If you back up your data consistently, even if you were subject to one of these attacks, you are able to recover your data from your own backup without having to pay a ransom.
“A lot of ransomware attacks are going on,” says Shah. “If you do the backup on a regular basis that actually helps you to recover [your data] if something like a ransomware event or a data compromised event occurs.”
To back up your data, you can choose from a series of cloud storage services such as iCloud, Dropbox, or Google Drive. You can also choose to back up your data on a physical entity such as an external hard drive.
8. Manage household risks
Even though you may trust your family members and others in your household, it is important to remember that your computer holds sensitive information about your business.
An innocent click from a child could end up sharing highly sensitive information to your entire organization or even worse, to external entities that could use that information for harm.

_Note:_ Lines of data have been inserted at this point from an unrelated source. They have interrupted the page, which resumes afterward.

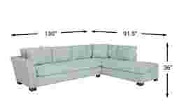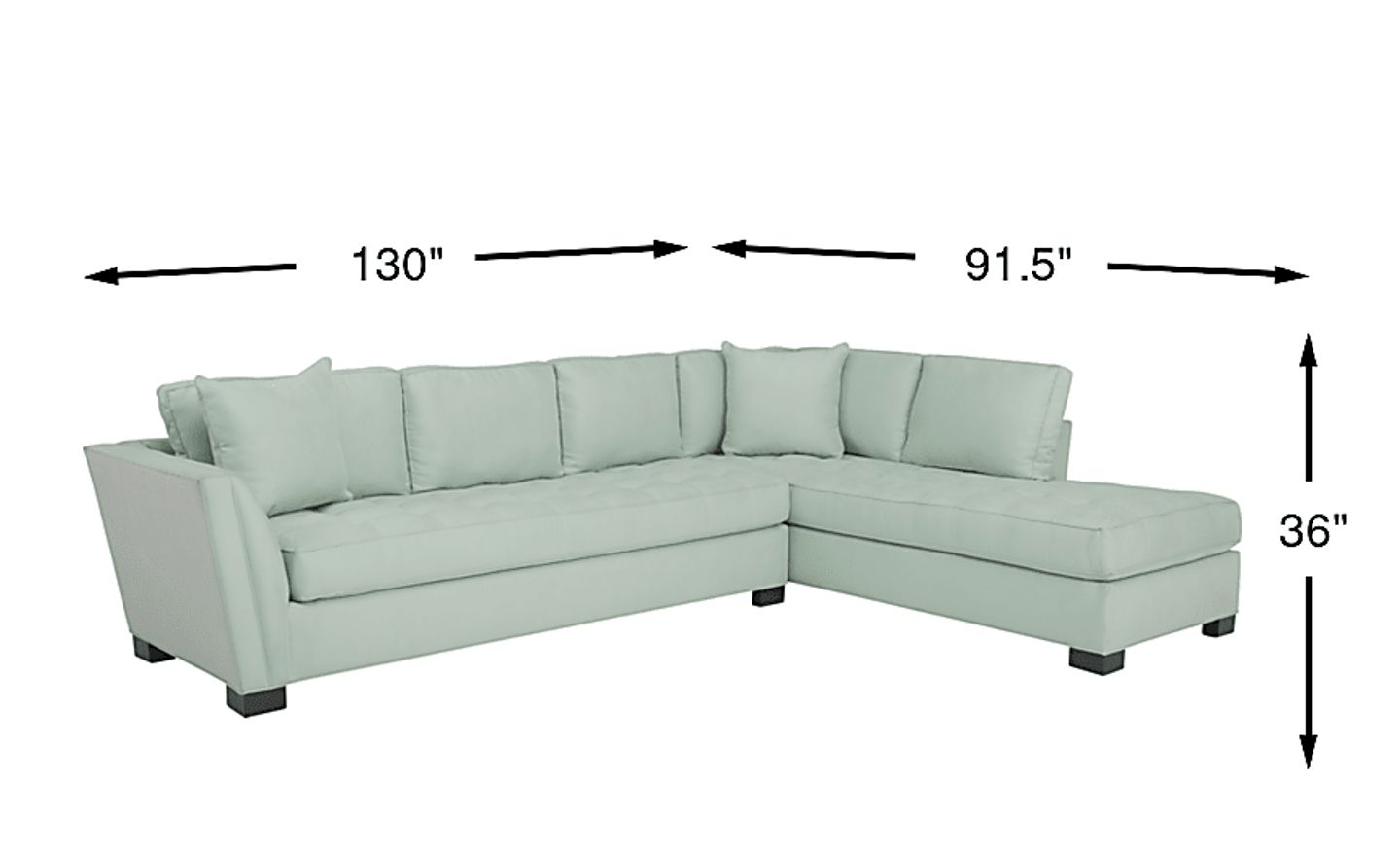 Stylish and highly versatile, the Calvin Heights sectional offers a classy, contemporary feel that is both elegant and inviting. Upholstered in durable Microfiber for deep, comfortable seating, its bold aqua color lends fantastic eye appeal. Perfect for large spaces, this expansive sectional easily turns your living room into a gathering spot for family and friends. Premium design features include welting details, sleek track arms and bench-style seat cushions with chic tufting for a well-tailored silhouette. Quality constructed on a hardwood frame for strength and stability, its sinuous wire seating system provides long-lasting support. Matching solid colored pillows included. 100% Polyester. Accent pillows sold separately.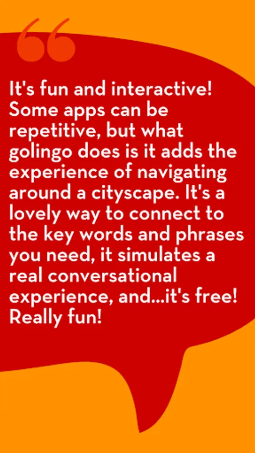 golingo is your go-to AI-speaking partner, available 24/7 wherever you are. Learning is based in a virtual city that mimics the real-world.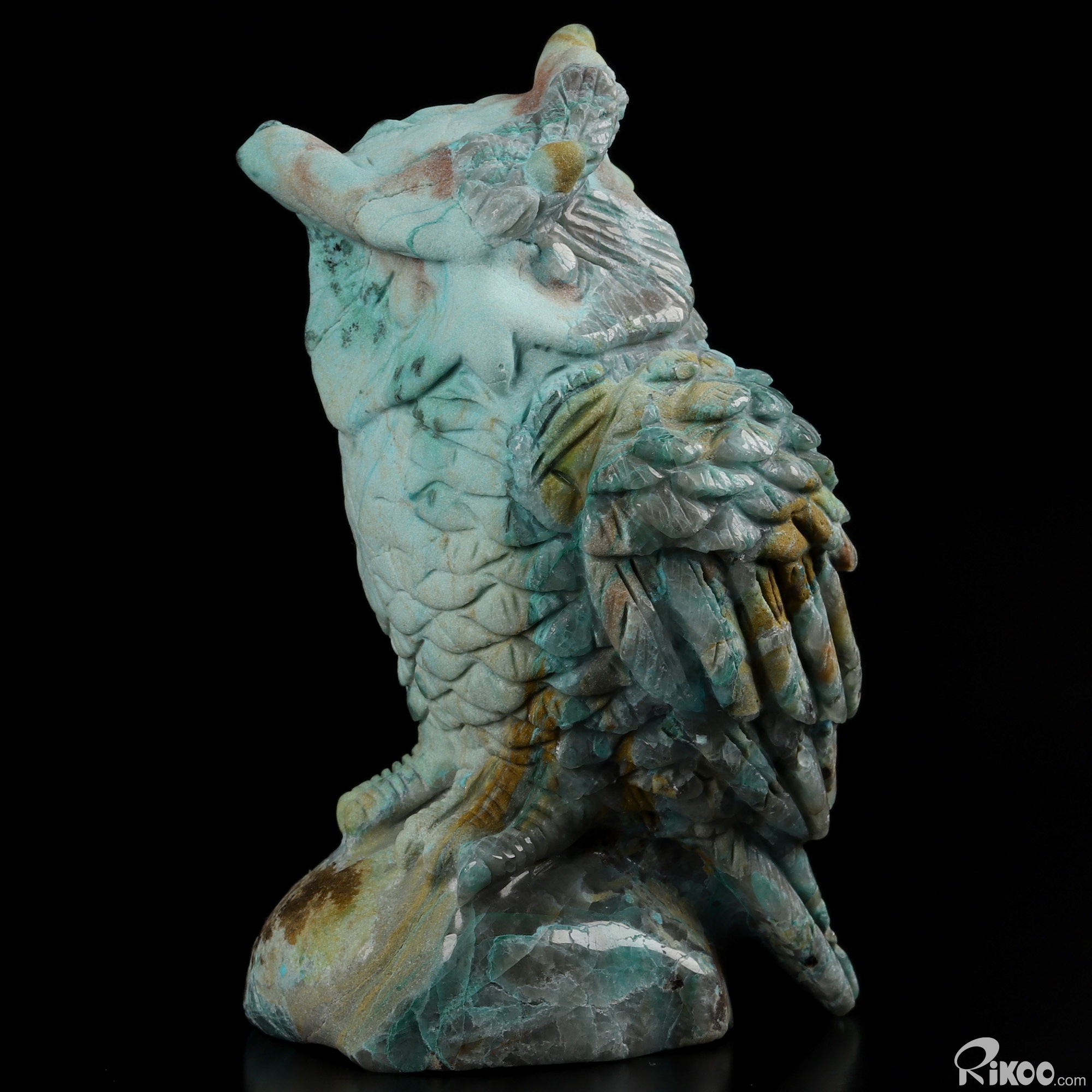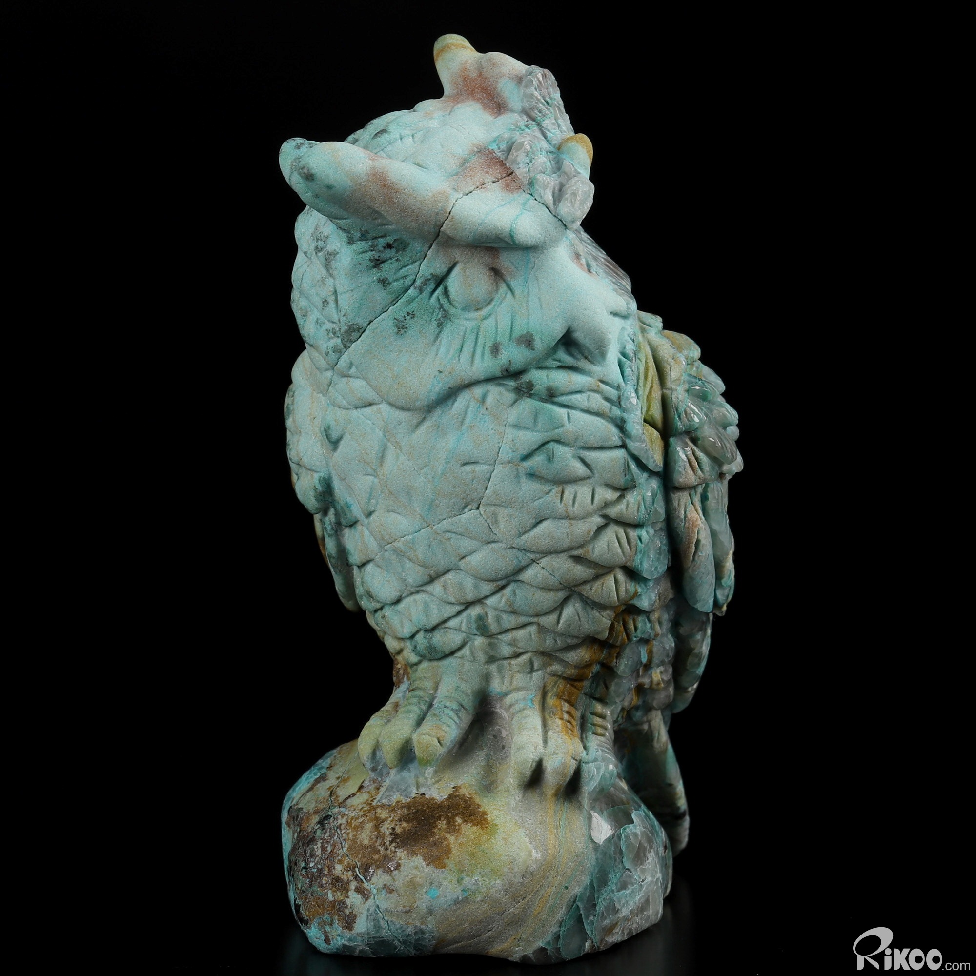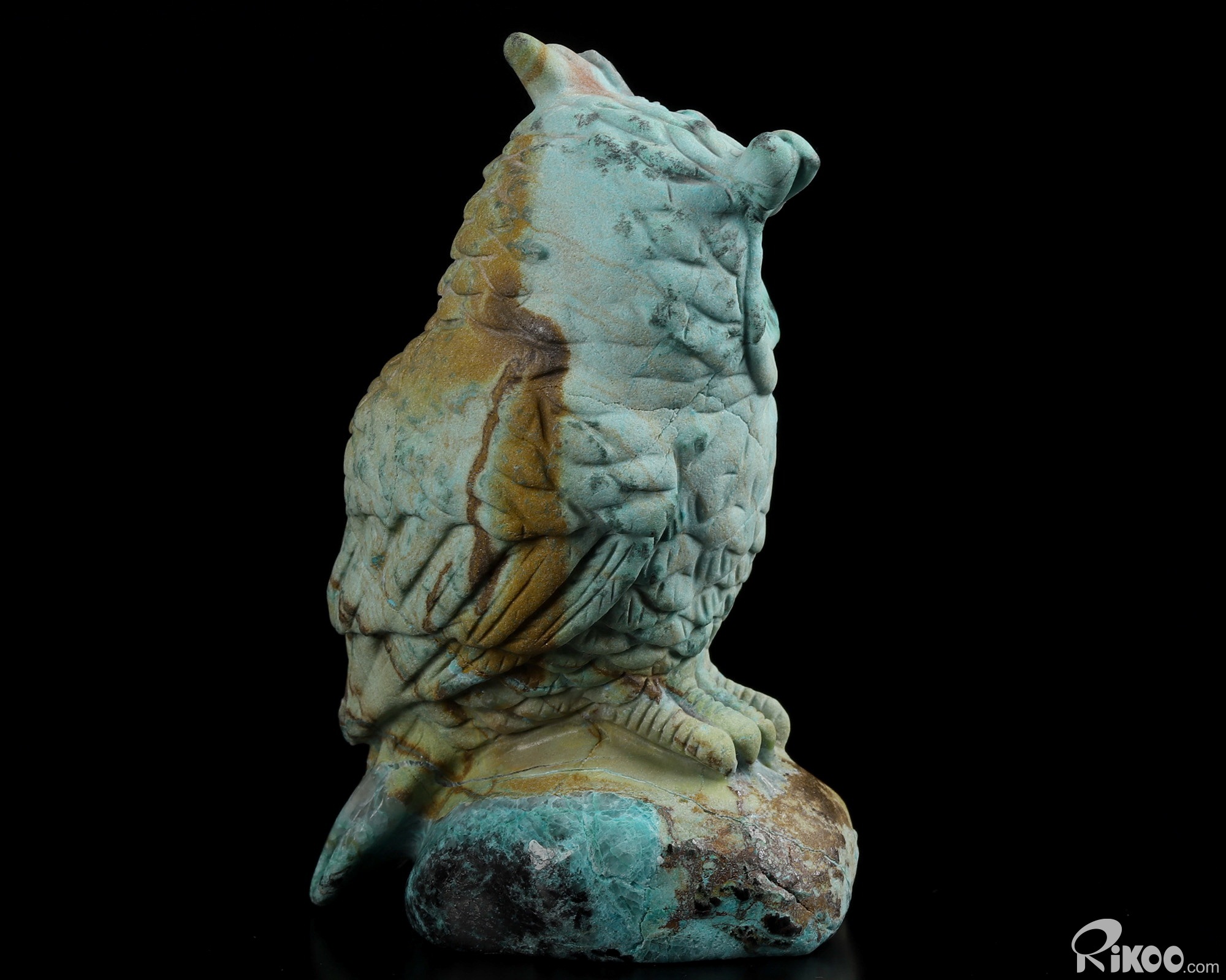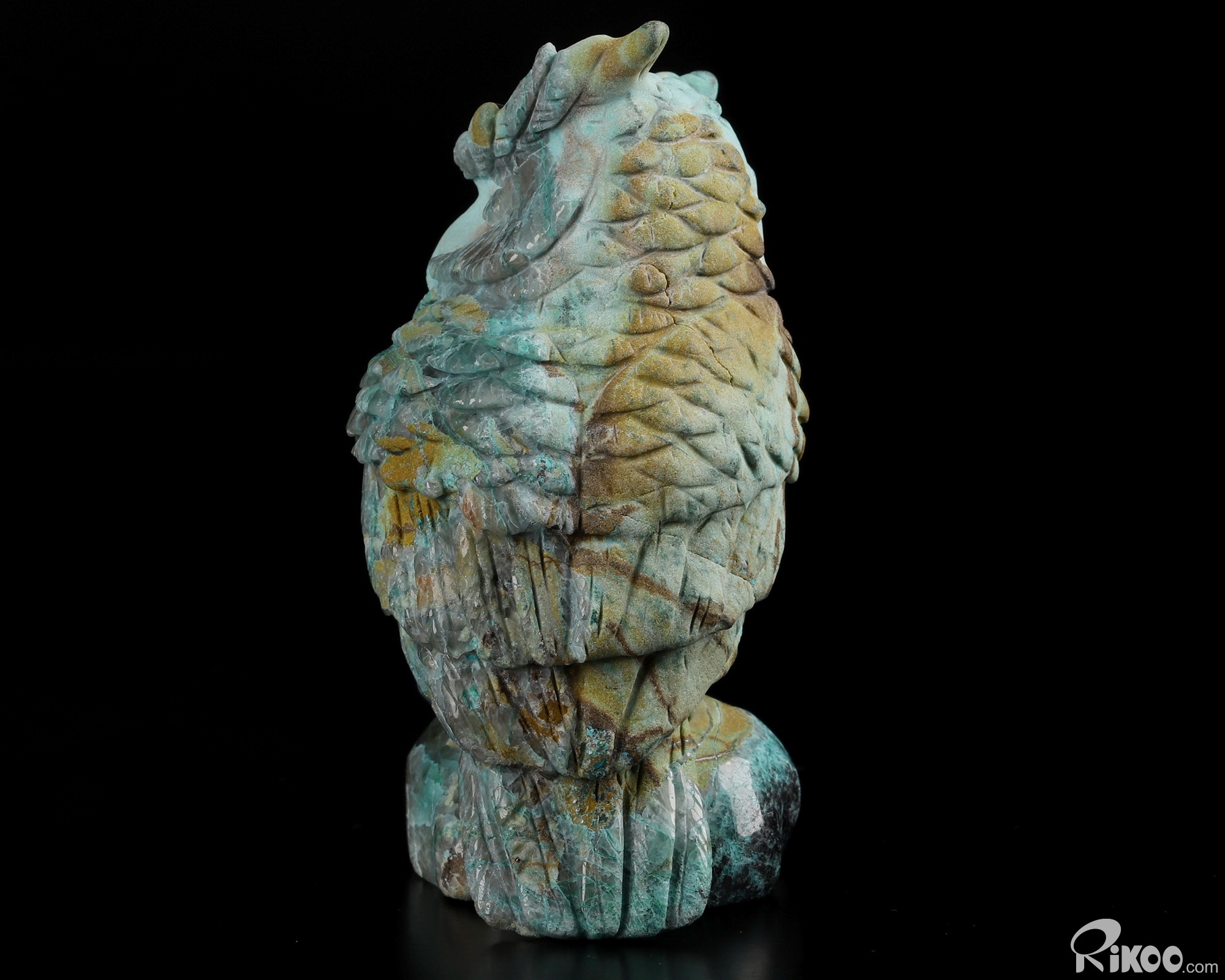 You are looking at a American Chrysocolla owl. The owl is 3.8 inches long from top to bottom.

To avoid an incident like this happening, if you live with children, it could be a smart idea to set up parental controls that can prevent a toddler’s accidental attack. Setting your devices to automatically lock whenever you’re not actively using them can also help.
“If you have children, there’s parental controls,” says Hevesi. “You obviously want to protect people inside your house with additional layers of protection until they become tech savvy.”
In addition to physical obstacles like computer control, it could be worth teaching your child about the dangers of the internet from a young age to keep both themselves and your information safe.
“I taught my daughter, she’s now an adult, about what’s good and bad, and what a hacker is, and you know, how they do and what a phishing attack is,” says Hevesi.